Continental’s superb ContiSeal™ technology immediately negates the consequences of sustaining a puncture – such as having to stop driving, and changing tyres. Their extended mobility solution automatically seals any damage – up to 5 mm in diameter – from the inside of the tyre, thus stopping the outflow of air and maintaining your ability to continue driving. There’s no need for an immediate stop, or roadside tyre change (which, as anyone who has had to do so will know, can be a very difficult and intimidating experience).

There’s also the additional benefit for holiday makers with a heavily laden car – you won’t have to remove your luggage to get to the spare tyre (typically housed in the recess situated beneath the floor of the boot). Just imagine being compelled to do that while stopped on the hard shoulder of a fast moving motorway, or pushed up against an incline along the side of a narrow country lane…

ContiSeal™ is just one of Continental’s invaluable tyre safety and comfort technologies that are ideal for UK drivers undertaking long distance travel by road to their holiday destination.

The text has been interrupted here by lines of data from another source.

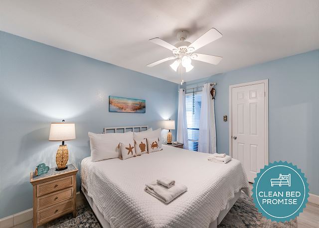 Clean Bed Promise: We wash every sheet, towel, and comforter after each stay at our in-house professional facility at over 140°F, exceeding CDC standards.
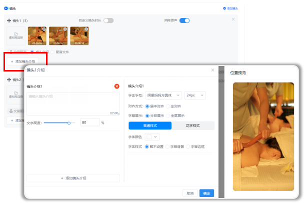视频设置:转场、滤镜、文案 音频管理、常驻文字,自动评论、一键选择
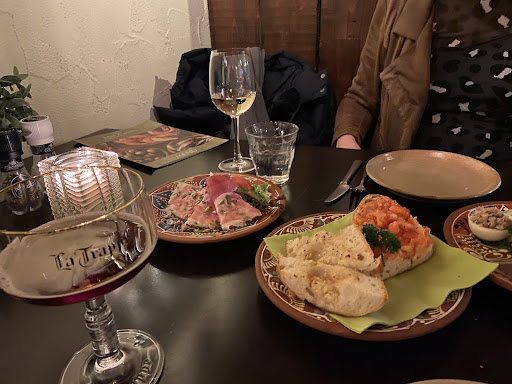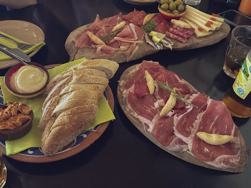 We hebben hier met een gezelschap van zes gegeten en namen de 19.50 euro per stuk menus met 4 verschillende rondes met ieder 3 verschillende tapas. De tapas waren zeer gevarieerde composities, van gemiddelde smaak en van voldoende kwantiteit. Er was hier en daar wat teveel met knoflook gedoseerd en de gerechten waren niet vreselijk warm waar nodig. Er was ook niets om ze warm te houden en gek genoeg werden koude en warme gerechten gemengd (dat is niet praktisch want dan koelen de warme gerechten sneller af en het straalt ook warmte naar de koude gerechten. Het kwam allemaal als wat amateuristisch kookwerk over.
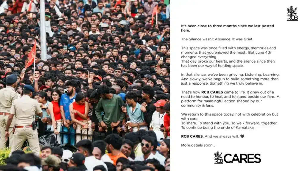 RCB ने यापूर्वी माफी मागून जखमींची काळजी घेतली जाईल असे सांगितले होते. मात्र, त्यानंतर जवळपास तीन महिने संघाने मौन बाळगले. अखेर शनिवारी संघाने भावनिक पत्रक प्रसिद्ध करून आर्थिक मदतीची घोषणा केली.
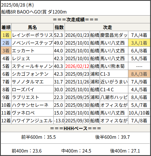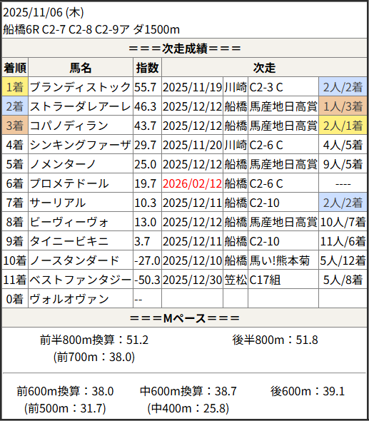 2026/02/12 船橋8R 馬い!熊本菊池水田ご:結果
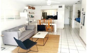 This unit has a master bedroom and bathroom with a king sized bed, television, and ample storage space so you can unpack, unwind, and feel at home. There are two murphy beds and pull out sofa in the living room for the rest of the family. The kitchen is fully equipped with modern appliances and all the essentials to prepare and enjoy a meal at home.
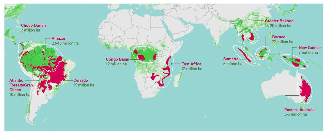 On the 11 deforestation fronts shown on the map, the greatest forest losses are expected to occur (2010–2030). Four of them are in Latin America. Source: WWF Living Forest Report: Chapter 5.
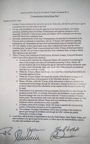 A document entitled “Implementation Steps for President Trump’s Proposal for a ‘Comprehensive End of Gaza War,'” signed by representatives of Israel (Ron Dermer), Hamas and mediating nations in Egypt on October 9, 2025. (Kan News)
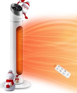 - EASY TO MOVE AROUND – The easy-to-carry handle at the top of this electric space heater helps you carry around wherever you want to warm up. Portable tower heater designed in portable size 34.5 in (H) * 12.4 in (W) which different from other small space heater, avoid the embarrassment of blowing to the feet without warming the whole body, just put this space heater with remote by your feet on the floor or bedside to get warm!

You can find this ‘lifesaver’ across many products in their tyre range, including the ContiPremiumContact™ 5, the ContiSportContact™ 5, and the ContiEcoContact™ 5.

ContiSilent™ – reducing interior cabin noise

While driver safety is paramount in all of Continental’s leading tyre products, driver comfort is important too. Making sure the tyres bring out the best handling and ride characteristics of a vehicle are essential, and it’s something Continental achieve time after time. It’s a reason why one in every three new cars that roll off European production lines are fitted with their “OE” – Original Equipment. This dedication to delivering an optimal driving experience is also realised through Continental’s highly regarded ContiSilent™ tyre noise reduction technology.

ContiSilent™ is specifically designed to noticeably reduce interior cabin noise, no matter what road surface is being driven on, and is effective in all weather conditions – rain or shine. But an improved driving experience doesn’t mean any compromise when it comes to vehicle performance characteristics, or any change in mileage and load/speed capability.

How is this achieved? ContiSilent™ reduces noise because of an inner tyre absorber – made from polyurethane foam – which is attached to the inner surface of the tread area. Less sounds gets out, and so the driving experience is quieter. When you’re travelling a long way for your holiday, this technology can seem heaven sent.

ContiSilent™ is so effective, many of the world’s leading automotive manufacturers have approached Continental for this solution. It’s not surprising, since cabin noise is a common problem for many vehicles. ContiSilent™ technology can be found in many of Continental’s premium summer tyres and are compatible with all commonly sized wheel rims. You’ll find the technology in variants of Continental’s latest high performance SportContact™ 6 tyre.